§ Supplied data
---

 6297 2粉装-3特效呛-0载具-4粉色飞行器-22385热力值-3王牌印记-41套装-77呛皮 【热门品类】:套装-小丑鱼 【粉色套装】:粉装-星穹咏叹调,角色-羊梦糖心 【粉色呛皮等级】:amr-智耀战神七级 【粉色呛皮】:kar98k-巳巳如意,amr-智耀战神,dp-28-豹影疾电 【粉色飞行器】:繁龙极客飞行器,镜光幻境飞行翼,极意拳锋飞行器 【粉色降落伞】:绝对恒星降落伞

---

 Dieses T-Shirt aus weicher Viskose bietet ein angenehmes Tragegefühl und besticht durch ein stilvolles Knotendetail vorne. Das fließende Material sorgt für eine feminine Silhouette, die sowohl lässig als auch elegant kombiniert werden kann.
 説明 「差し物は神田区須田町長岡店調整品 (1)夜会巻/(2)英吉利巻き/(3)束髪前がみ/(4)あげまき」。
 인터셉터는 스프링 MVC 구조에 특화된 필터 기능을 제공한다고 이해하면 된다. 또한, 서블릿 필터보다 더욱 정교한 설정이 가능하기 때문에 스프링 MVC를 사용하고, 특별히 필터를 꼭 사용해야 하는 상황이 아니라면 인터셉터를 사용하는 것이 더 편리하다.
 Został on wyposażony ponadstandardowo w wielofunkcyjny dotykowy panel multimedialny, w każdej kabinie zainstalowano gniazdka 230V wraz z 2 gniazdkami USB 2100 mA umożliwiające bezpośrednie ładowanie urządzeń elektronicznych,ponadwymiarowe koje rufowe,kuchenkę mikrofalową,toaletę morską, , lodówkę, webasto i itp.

---

§ What is required
Reproduce only the lines above, starting at the line with "Dieses T-Shirt aus" and ending at the line with "Został on wyposażony", exactly as written.

§ The answer
 Dieses T-Shirt aus weicher Viskose bietet ein angenehmes Tragegefühl und besticht durch ein stilvolles Knotendetail vorne. Das fließende Material sorgt für eine feminine Silhouette, die sowohl lässig als auch elegant kombiniert werden kann.
 説明 「差し物は神田区須田町長岡店調整品 (1)夜会巻/(2)英吉利巻き/(3)束髪前がみ/(4)あげまき」。
 인터셉터는 스프링 MVC 구조에 특화된 필터 기능을 제공한다고 이해하면 된다. 또한, 서블릿 필터보다 더욱 정교한 설정이 가능하기 때문에 스프링 MVC를 사용하고, 특별히 필터를 꼭 사용해야 하는 상황이 아니라면 인터셉터를 사용하는 것이 더 편리하다.
 Został on wyposażony ponadstandardowo w wielofunkcyjny dotykowy panel multimedialny, w każdej kabinie zainstalowano gniazdka 230V wraz z 2 gniazdkami USB 2100 mA umożliwiające bezpośrednie ładowanie urządzeń elektronicznych,ponadwymiarowe koje rufowe,kuchenkę mikrofalową,toaletę morską, , lodówkę, webasto i itp.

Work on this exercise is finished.